I would end up in the hospital, suffering from severe, life-threatening injuries (beautiful, right?). Skip ahead to my miraculous recovery and I’m slapped with a bill that would make even Kanye cry. And because I’m a Stained Glass Artist, I obviously am a starving artist who needs a bail out from Dear Old Dad.

Horrified by this impending doom, I skipped the road less travelled and hopped on the freeway.

One degree, two degree, more. I was going to be a Special Education teacher. (Teacher!) Then one New Hampshire night (waaay back) in 1997, a friend and I were locked inside her house by a winter storm. With little else to occupy our time, my friend taught me how to make wire-wrapped jewelry.

Cue the heaven’s parting and angels singing.
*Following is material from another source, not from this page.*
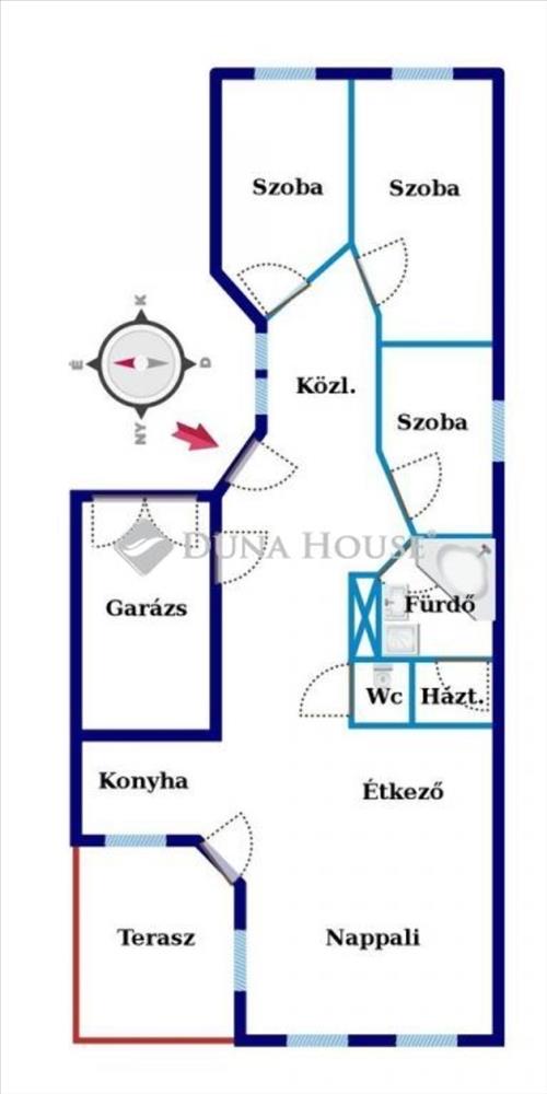 - amerikai konyha + 3 különálló szoba, Fürdő, Wc külön helyiségben, háztartási helyiség, 13, 95 nm-es garázs, 30 nm-es részben fedett terasz,

It would be a great story if that was the very moment I knew what I should do with the rest of my life, but then I wouldn’t be me if I didn’t completely ignore the signs. No, I kept trucking along, working at one job, then the next; all of them the cookie-cutter careers that were “safe” and would cover that looming (nonexistent) medical bill. All of them feeling like a thing I hadto do.
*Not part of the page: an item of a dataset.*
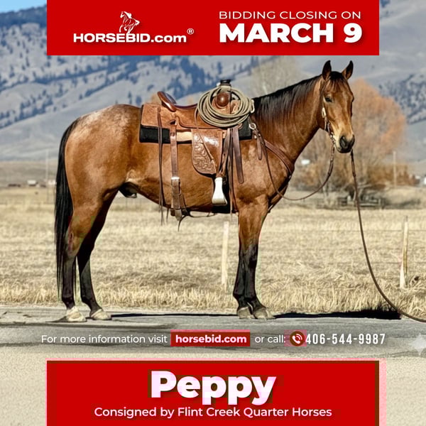 ℳ𝒶𝓇𝒸𝒽 ♦️𝐑𝐈𝐃𝐄𝐑'𝐒 𝐂𝐇𝐎𝐈𝐂𝐄♦️ Happening now thru MONDAY | MARCH 9th - Available EXCLUSIVELY on HorseBid's website! For more details and to register visit: www.Horsebid.com CONSIGNOR CONTACT: Flint Creek Quarter Horses 406-544-9987 LOCATION: Drummond, MT BREED: Quarter horse REGISTERED: Yes REGISTERED NAME: HL Olenas Peppy COLOR: Buckskin Roan HEIGHT: 15 AGE: 7 GENDER: Gelding HL Olenas Peppy is an AQHA registered gelding that stands 15 hands tall. He is a stunning buckskin roan that turns heads wherever he goes. He is extremely gentle and will come find you if you’re anywhere he can get to. He loves being around people and has a confident, kind disposition. Peppy is very broke and a pleasure to ride. He neck reins one-handed and goes wherever he’s pointed. He lopes nice, correct circles in the arena and picks up both leads with ease. He walks out well and has a smooth, comfortable trot. He has been used all over the ranch doing a variety of chores, including roping, sorting, and gathering cows in the hills. He’s the kind that can go all day without having to pedal him home. He offers a great combination of feel and hustle, yet stays kind and gentle enough for less experienced riders. Out on the trails he is confident and steady. He crosses water, downed timber, brush, and obstacles with no fuss. He has been on overnight camps and handled everything very well. He has zero buck, no pull back, and is easy to be around in every way. He is trained to step up to a mounting block or fence — just smooch to him and he’ll side step over to make it easy to get on. He trailers, bathes, and shoes well and has no bad habits. This is a really nice gelding in the prime of his life, ready to go to work. He sells 100% sound. If you think he might be a good fit, give us a call or text — we’d be happy to visit with you about him. Call Tom: 406-544-9987

Fast-forward to 2004. I’m engaged to the Good Doctor and I think to myself, “I don’t want to spend money on expensive rings. I’ll just make them.” One silversmith class led to another and another and…well, you get the point. What started out as a small flirtation quickly grew into a salacious love affair.

By 2011 I was setting up shop in Bellingham, Washington's historic Fairhaven. My small artist studio, located in an old Victorian Italianate building circa 1892, has every tool, every creature comfort and homegrown inspiration, from the original hardwood floors to the vintage Douglas Fir frame mouldings (and the occasional visit from mysterious ghosts).

Hobby? Okay.

Passion? Definitely.

Never-ending Joy? Hell Yeah.

Here, in this moment, I am an artist. I craft pieces of wearable art that reflect my personal aesthetic, a classic style that is sublimely simple. What I design and produce is authentically me to the core. I have spent too many years ignoring what me meant, trapped in a prison of my own making, held hostage by someone else’s definition of success.

And like a newly-liberated woman, I’m making up for lost time.